Leave the pictures out. Retype exactly the lines below from the one containing "9月27日,法國馬賽趣味飛行" through the one containing "Kožená taška na", and no others.
== GIVEN RECORDS ==
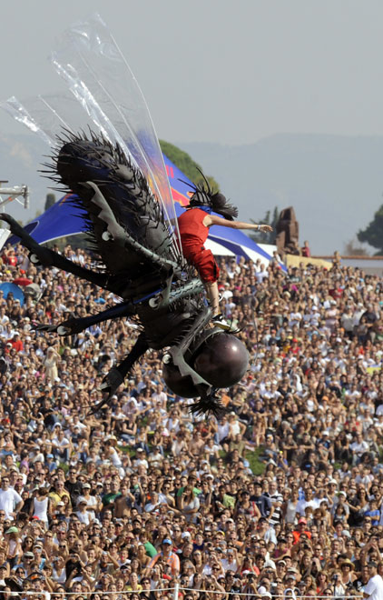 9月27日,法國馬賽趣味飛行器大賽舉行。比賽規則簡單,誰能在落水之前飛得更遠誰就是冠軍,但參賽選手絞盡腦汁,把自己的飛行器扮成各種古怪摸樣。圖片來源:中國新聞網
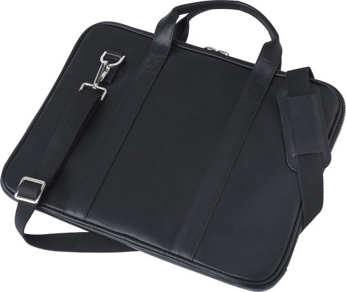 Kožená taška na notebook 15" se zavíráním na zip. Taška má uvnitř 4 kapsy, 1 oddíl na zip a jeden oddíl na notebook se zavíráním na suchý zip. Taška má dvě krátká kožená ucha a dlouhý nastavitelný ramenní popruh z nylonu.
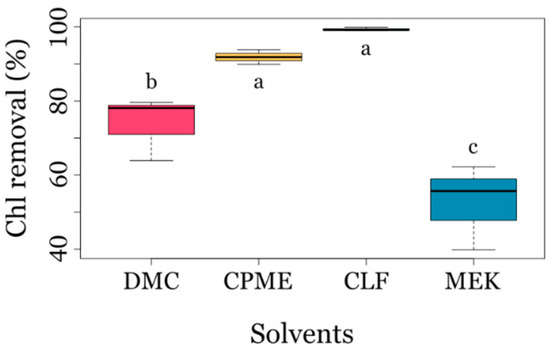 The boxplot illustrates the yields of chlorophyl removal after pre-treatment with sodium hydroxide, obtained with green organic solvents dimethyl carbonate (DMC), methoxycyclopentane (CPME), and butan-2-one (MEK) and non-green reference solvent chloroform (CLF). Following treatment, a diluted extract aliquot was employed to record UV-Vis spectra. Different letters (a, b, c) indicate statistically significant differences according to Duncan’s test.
===
== GIVEN RECORDS ==
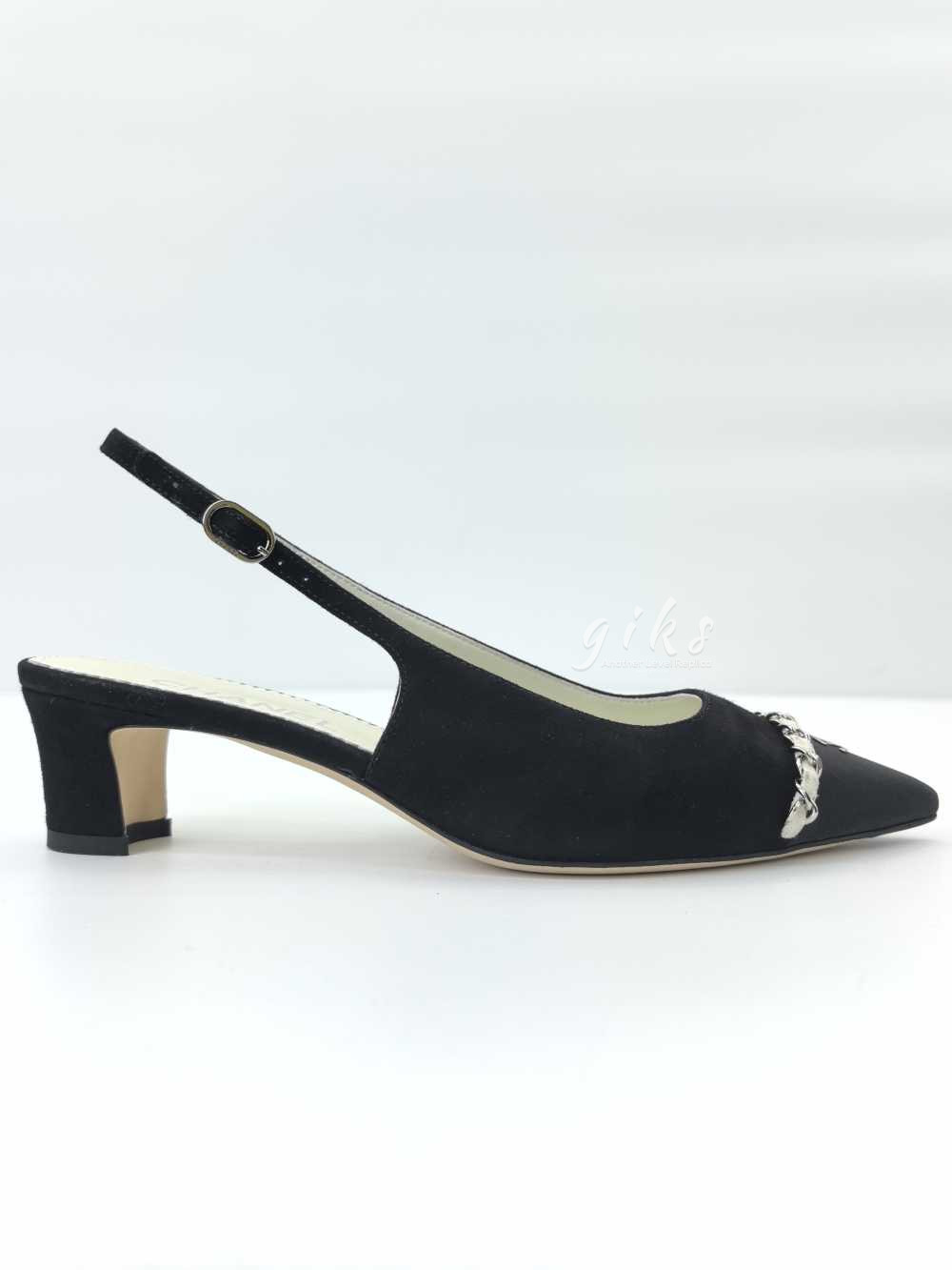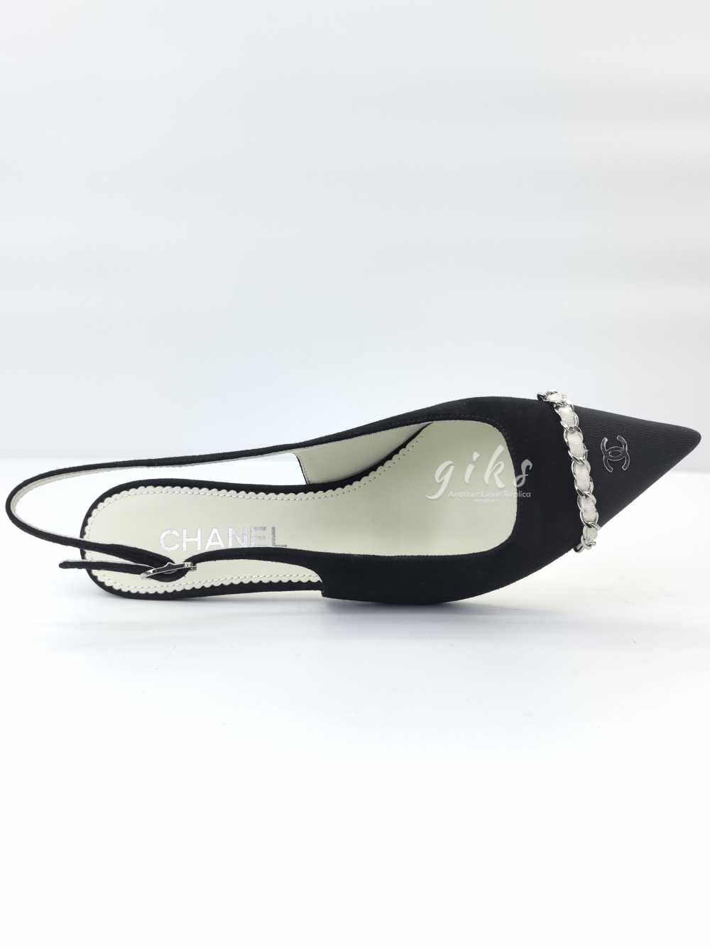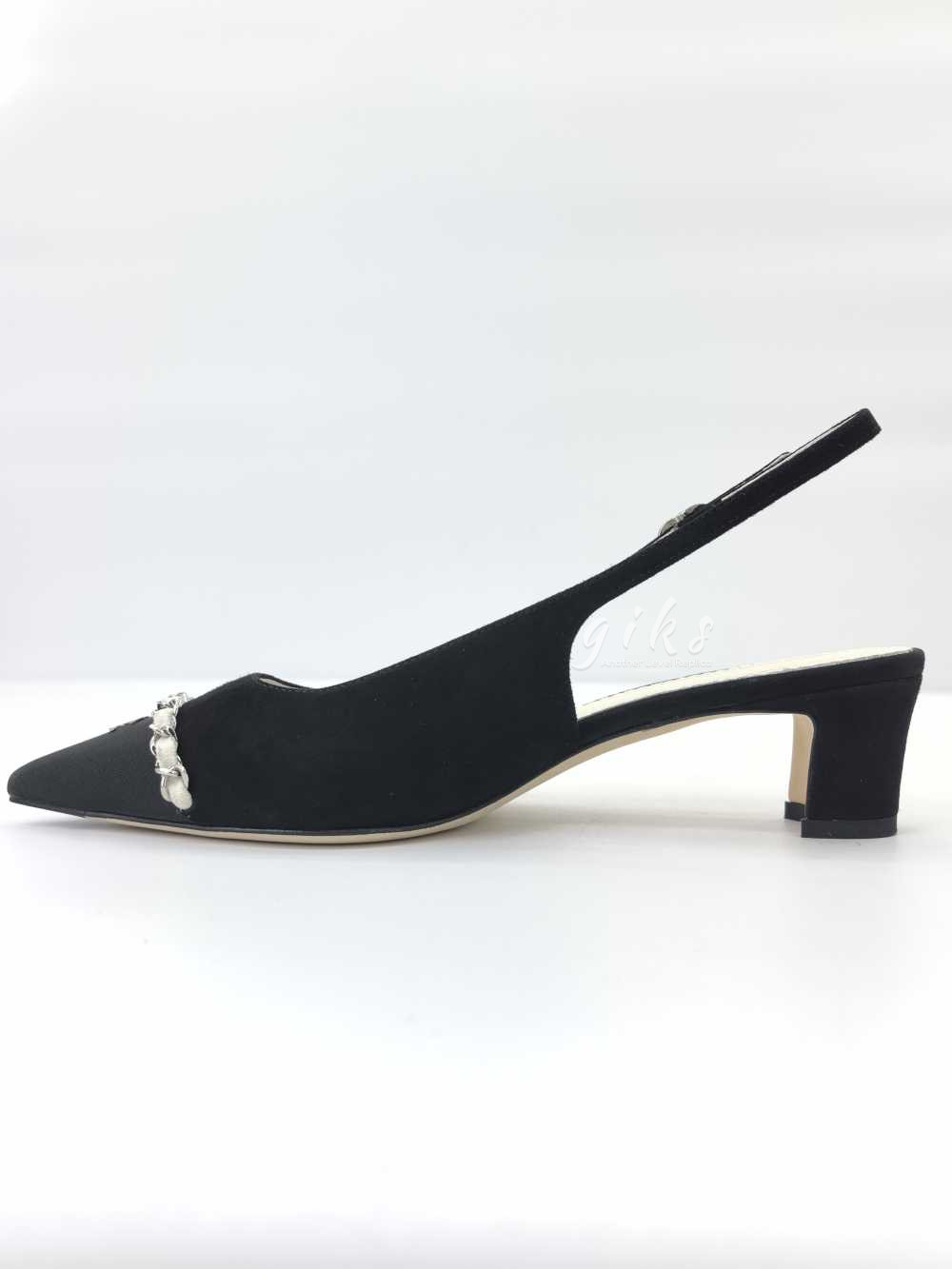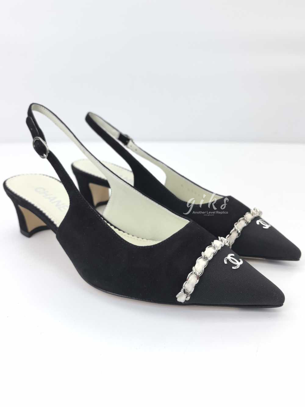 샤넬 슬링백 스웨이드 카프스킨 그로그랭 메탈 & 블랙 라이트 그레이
===
# WRITTEN ANSWER
 9月27日,法國馬賽趣味飛行器大賽舉行。比賽規則簡單,誰能在落水之前飛得更遠誰就是冠軍,但參賽選手絞盡腦汁,把自己的飛行器扮成各種古怪摸樣。圖片來源:中國新聞網
 Kožená taška na notebook 15" se zavíráním na zip. Taška má uvnitř 4 kapsy, 1 oddíl na zip a jeden oddíl na notebook se zavíráním na suchý zip. Taška má dvě krátká kožená ucha a dlouhý nastavitelný ramenní popruh z nylonu.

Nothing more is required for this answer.